[GIVEN DATA]

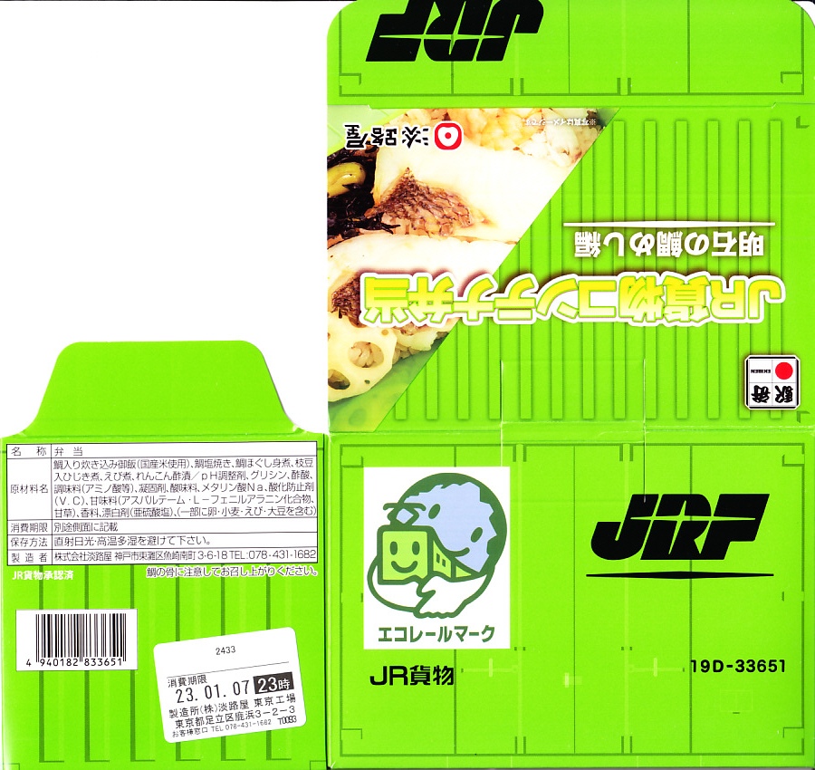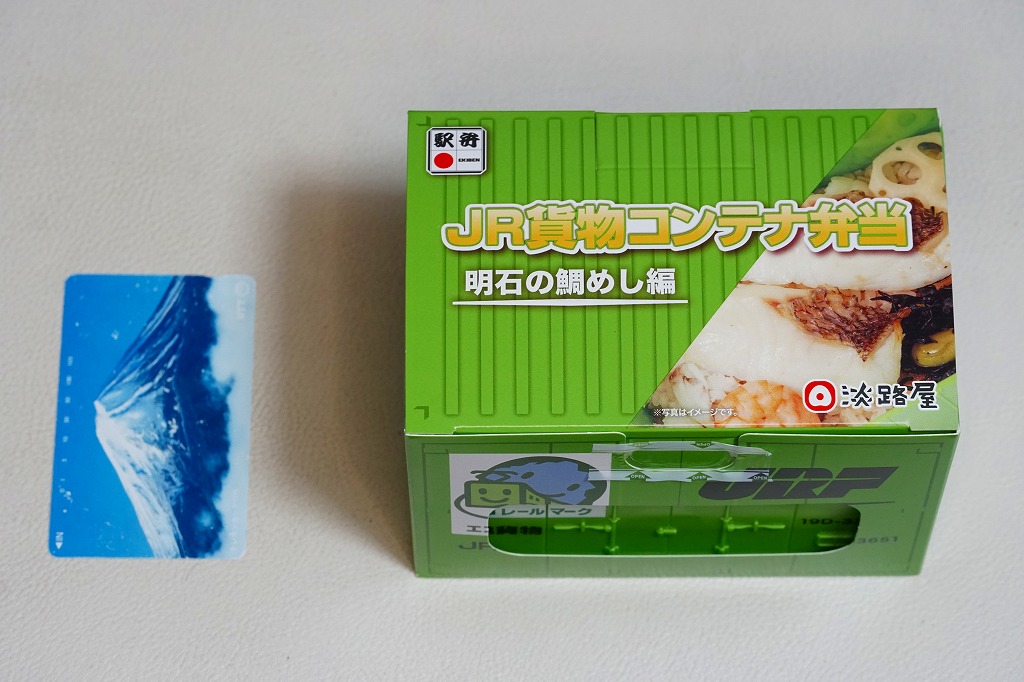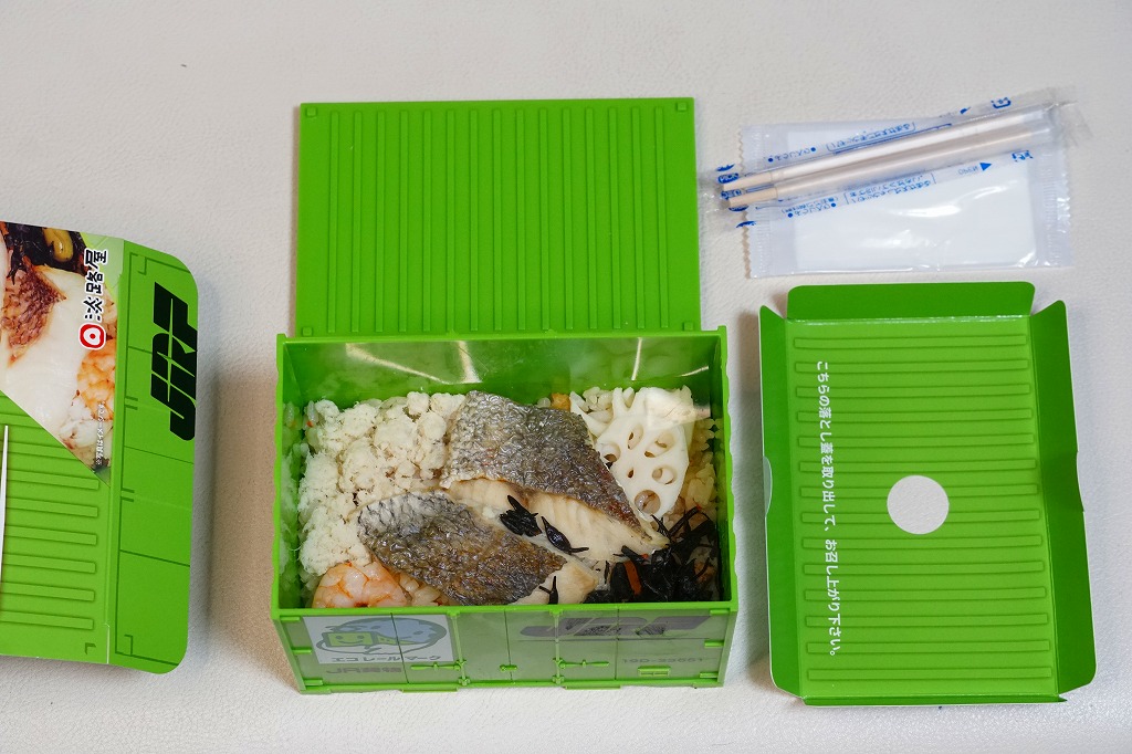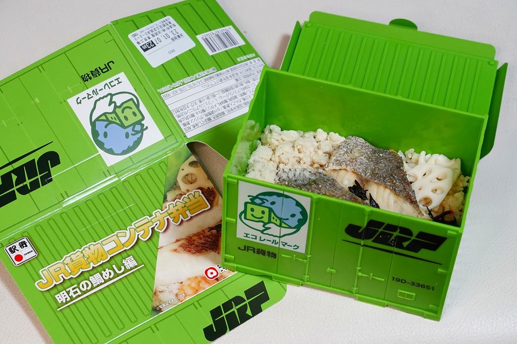 2023(令和5)年1月7日に発売。前年1月に発売した下記「神戸のすきやき編」に続く、JR貨物コンテナ弁当の第2弾。今回も実在するJR貨物の鉄道貨物輸送向けコンテナ「19D−33651」の形状と塗装を模したプラ容器を、同じ絵柄の紙箱にぴったり収める。JR貨物承認済の商品で、ふたを開けると全国地図を用いたJR貨物の鉄道路線図と、この緑色のコンテナの紹介文が現れる。中身は「明石の鯛めし編」ということで、鯛入り炊き込み御飯を、鯛塩焼きと鯛ほぐし身煮で覆い、れんこん、えび、ひじきを添える。明治時代から東海道本線の駅弁で親しまれる鯛飯から、甘みを抜いた以外は同じようなもの。価格は2023年の発売時で1,600円、2024年時点で1,680円、2025年時点で1,780円。
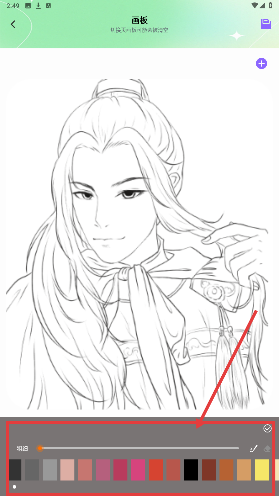 4、进入画板界面,可利用下方的粗细调节条和色彩选择栏,对画布上的线稿进行绘制创作。
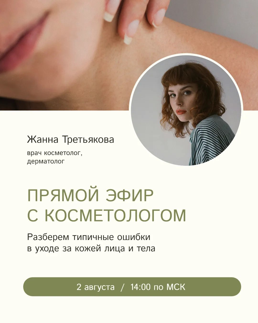На изображении представлено приглашение на прямой эфир с косметологом Жанной Третьяковой, который состоится 2 августа в 14:00 по московскому времени. На переднем плане изображение молодой женщины с красивой кожей и фотография Жанны, специалиста по уходу за кожей. Тема эфира — разбор типичных ошибок в уходе за кожей лица и тела. В нижней части изображения указаны дата и время проведения. Дизайн выполнен в мягких, успокаивающих тонах, что подчеркивает профессиональный подход к теме ухода за кожей.
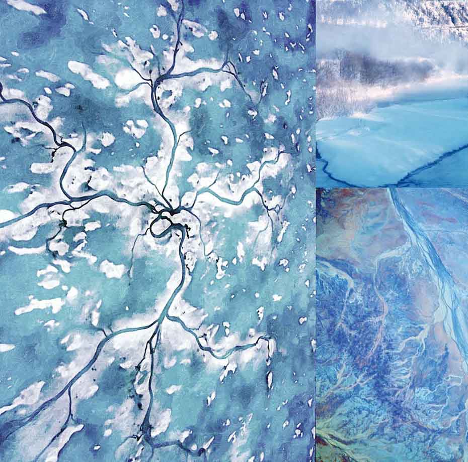 设计来源:灵感来源于地表径流的纹理,不断蔓延的河流分支,融合交汇,呈现出多彩的融合,蕴感十足。色调呈蓝紫色,泛着微微的绿色,在贴近自然的同时更显艺术美感。适合营造现代时尚的艺术空间。
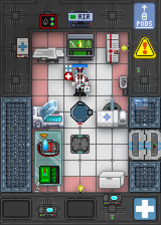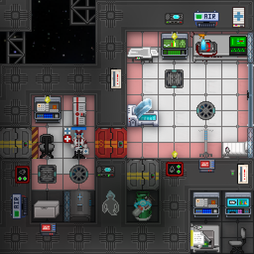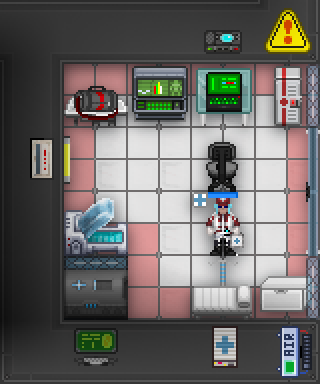 Regarding the debate on sunglasses / the flash, in my view it might be better for them to have one or the other. Security Officers, to my knowledge, don't start with both, and they're arguably in more varied and potentially dangerous situations than a Brig-based MD would be. Having one or the other cuts the potential validhunting, and makes them not flashproof and able to flash. Something to explore might be letting them keep their sunglasses, and putting a wall mounted flash with an ID-locked button somewhere in the room, so they can control unruly individuals in their own domain and nothing more. And on the lack of anesthetic, perhaps a tank and mask could be put in the brig physician locker to unify all map configuration in having a set? |
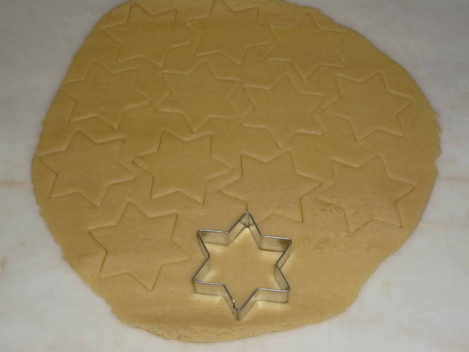 Os procedimentos são os habituais amassar tudo muito bem estender a massa e cortar na forma que se quiser, na receita original corta-se em meias luas mas como estamos no Natal e tenho o cortador da estrela resolvi fazer estrelas.
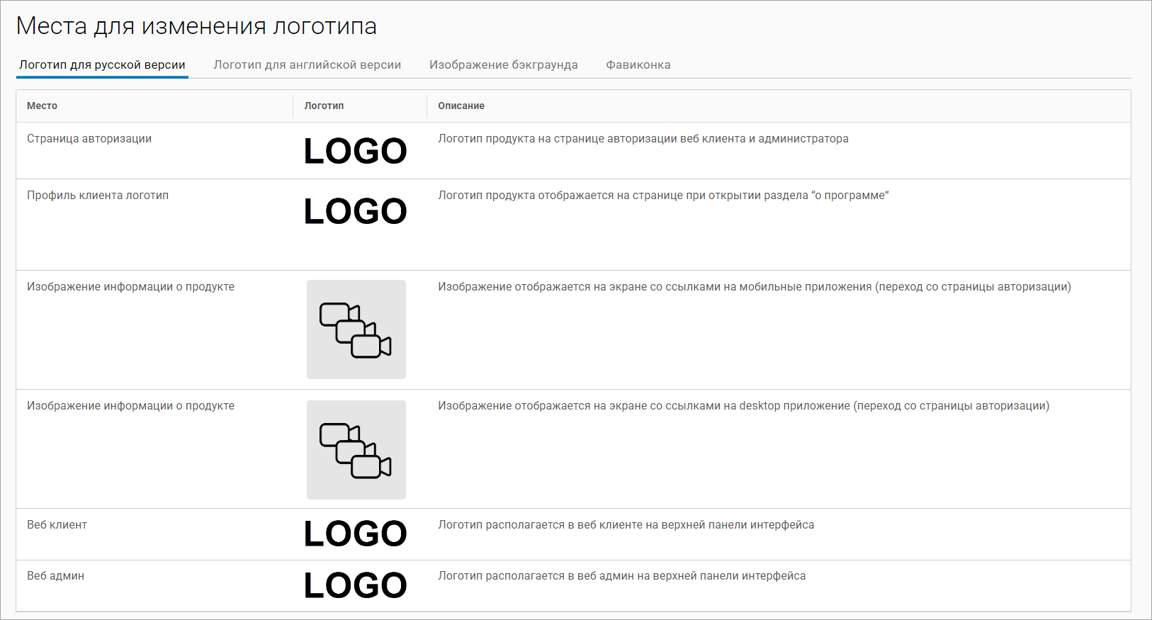 Вкладки «Логотип для русской версии» и «Логотип для английской версии» предназначены для загрузки изображений, которые отображаются в web-интерфейсах администратора и пользователя при выборе русского и английского языка соответственно.

[/GIVEN DATA]

= WHAT YOU WILL DO =
Up to and including the line that contains "4、进入画板界面,可利用下方", print the records above exactly from their first line, without any pictures.

= ANSWER BOX =
 2023(令和5)年1月7日に発売。前年1月に発売した下記「神戸のすきやき編」に続く、JR貨物コンテナ弁当の第2弾。今回も実在するJR貨物の鉄道貨物輸送向けコンテナ「19D−33651」の形状と塗装を模したプラ容器を、同じ絵柄の紙箱にぴったり収める。JR貨物承認済の商品で、ふたを開けると全国地図を用いたJR貨物の鉄道路線図と、この緑色のコンテナの紹介文が現れる。中身は「明石の鯛めし編」ということで、鯛入り炊き込み御飯を、鯛塩焼きと鯛ほぐし身煮で覆い、れんこん、えび、ひじきを添える。明治時代から東海道本線の駅弁で親しまれる鯛飯から、甘みを抜いた以外は同じようなもの。価格は2023年の発売時で1,600円、2024年時点で1,680円、2025年時点で1,780円。
 4、进入画板界面,可利用下方的粗细调节条和色彩选择栏,对画布上的线稿进行绘制创作。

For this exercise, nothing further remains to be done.